Shipments of West African crude to Asia are set to reach a record high in August, driven by a surge in demand from Indian refiners, who will take more oil from the region than at any time since mid-2015.
According to a Reuters survey of shipping fixtures and traders, some 890 000 barrels a day of West African crude will sail to India, compared with 600 000 bpd in July and almost double last August’s 460 000 bpd.
Total loadings for Asia will rise to 2,586 million bpd this month from 2,44 million bpd in July and 2,176 million bpd last August.
Indian state refiner IOC took nearly half the total for India, while the privately held Reliance Industries took three cargoes, and HPCL and BPCL took one each.
Of the 15 cargoes that will go to India, at least 9 will hold Nigerian grades, including Qua Iboe, Agbami and Usan.
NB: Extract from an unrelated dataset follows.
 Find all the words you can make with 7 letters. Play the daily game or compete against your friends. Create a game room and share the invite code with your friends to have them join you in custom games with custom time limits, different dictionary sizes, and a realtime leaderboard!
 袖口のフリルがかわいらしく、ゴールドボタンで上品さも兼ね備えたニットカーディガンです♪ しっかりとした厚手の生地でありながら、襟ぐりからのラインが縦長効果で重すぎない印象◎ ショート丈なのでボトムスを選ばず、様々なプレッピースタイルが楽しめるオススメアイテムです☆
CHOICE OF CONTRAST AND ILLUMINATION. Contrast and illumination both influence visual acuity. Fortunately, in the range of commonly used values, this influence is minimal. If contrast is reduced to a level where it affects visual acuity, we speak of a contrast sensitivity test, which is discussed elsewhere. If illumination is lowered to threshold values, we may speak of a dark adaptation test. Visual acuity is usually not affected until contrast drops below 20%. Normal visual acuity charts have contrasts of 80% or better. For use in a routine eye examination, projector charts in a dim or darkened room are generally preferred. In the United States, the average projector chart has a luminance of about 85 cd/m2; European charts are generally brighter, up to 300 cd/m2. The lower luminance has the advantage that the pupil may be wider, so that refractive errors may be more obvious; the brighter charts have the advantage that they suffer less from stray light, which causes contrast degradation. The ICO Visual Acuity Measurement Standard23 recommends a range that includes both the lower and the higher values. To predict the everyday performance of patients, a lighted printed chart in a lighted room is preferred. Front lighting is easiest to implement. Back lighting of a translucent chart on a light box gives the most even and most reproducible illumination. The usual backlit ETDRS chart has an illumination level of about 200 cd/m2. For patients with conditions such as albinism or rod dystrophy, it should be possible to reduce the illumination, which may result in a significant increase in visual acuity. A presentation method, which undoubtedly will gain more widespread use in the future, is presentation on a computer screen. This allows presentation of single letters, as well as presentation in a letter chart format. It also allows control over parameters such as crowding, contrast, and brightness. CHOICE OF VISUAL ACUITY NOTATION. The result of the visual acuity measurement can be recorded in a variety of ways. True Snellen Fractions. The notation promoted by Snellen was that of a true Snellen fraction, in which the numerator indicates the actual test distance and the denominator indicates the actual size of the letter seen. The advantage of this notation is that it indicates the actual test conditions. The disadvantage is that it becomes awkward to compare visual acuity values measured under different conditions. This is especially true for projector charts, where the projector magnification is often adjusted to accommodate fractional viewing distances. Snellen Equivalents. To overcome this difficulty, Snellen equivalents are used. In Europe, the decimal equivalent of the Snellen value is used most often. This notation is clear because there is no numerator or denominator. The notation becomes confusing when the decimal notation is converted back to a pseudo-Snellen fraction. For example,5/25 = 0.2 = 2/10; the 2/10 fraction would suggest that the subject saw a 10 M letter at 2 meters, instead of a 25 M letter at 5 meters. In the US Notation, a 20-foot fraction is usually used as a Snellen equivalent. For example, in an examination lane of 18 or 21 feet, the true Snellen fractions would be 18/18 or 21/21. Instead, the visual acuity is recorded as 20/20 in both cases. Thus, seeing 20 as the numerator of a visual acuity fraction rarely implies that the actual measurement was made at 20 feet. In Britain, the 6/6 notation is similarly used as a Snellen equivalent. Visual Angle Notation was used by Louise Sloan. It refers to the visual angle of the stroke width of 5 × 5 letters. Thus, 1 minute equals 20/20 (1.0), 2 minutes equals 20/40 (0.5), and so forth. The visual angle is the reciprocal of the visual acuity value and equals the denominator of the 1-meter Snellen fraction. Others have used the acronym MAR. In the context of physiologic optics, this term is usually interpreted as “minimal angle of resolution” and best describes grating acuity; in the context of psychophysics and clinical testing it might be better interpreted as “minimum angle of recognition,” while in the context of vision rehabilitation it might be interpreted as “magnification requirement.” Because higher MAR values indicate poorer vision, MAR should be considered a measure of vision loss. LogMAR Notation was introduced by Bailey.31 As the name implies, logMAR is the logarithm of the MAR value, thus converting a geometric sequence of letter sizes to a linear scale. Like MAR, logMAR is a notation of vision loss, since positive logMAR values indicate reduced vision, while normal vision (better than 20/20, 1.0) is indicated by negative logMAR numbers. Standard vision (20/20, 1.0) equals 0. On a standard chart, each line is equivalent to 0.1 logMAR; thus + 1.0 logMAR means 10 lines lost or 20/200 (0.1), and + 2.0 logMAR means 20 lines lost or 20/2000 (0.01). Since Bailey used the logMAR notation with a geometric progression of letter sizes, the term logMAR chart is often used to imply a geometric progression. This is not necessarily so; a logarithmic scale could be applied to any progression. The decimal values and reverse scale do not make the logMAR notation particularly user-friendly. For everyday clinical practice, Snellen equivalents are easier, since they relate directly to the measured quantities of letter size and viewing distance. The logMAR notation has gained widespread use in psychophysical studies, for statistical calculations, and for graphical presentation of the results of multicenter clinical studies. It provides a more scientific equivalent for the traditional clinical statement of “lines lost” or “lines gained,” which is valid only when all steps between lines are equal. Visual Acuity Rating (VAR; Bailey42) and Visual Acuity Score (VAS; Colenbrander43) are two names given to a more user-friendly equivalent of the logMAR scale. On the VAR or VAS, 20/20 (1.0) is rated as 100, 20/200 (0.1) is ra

China’s daily intake dropped to its lowest since May this year at 1,419 million bpd from 1,571 million bpd in July, reflecting a modest slowdown in refinery intake and less favourable shipping economics.
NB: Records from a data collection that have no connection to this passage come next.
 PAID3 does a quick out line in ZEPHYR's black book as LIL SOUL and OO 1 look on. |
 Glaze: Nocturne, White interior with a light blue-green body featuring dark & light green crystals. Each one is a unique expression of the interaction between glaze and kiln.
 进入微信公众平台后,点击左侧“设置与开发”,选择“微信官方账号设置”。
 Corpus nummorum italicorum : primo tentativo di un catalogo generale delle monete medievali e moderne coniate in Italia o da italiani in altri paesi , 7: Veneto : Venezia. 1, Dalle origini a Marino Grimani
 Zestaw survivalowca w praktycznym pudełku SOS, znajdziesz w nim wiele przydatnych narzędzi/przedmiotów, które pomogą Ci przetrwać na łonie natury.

Some 60 percent of crude that will head to China is Angolan.
The premium of Brent crude futures LCOc1 to benchmark Dubai futures 1OQc1 has widened this month to almost $2,00 from less than $1,00 in late July, while the premium to US crude futures CLc1 has also crept out towards $6,00 from near $2,50 a month ago.
The relatively strong performance of Brent futures to other regional benchmarks means it has been cheaper for Asian buyers to take in the likes of U.S. shale or other Middle East grades at the expense of typical West African grades.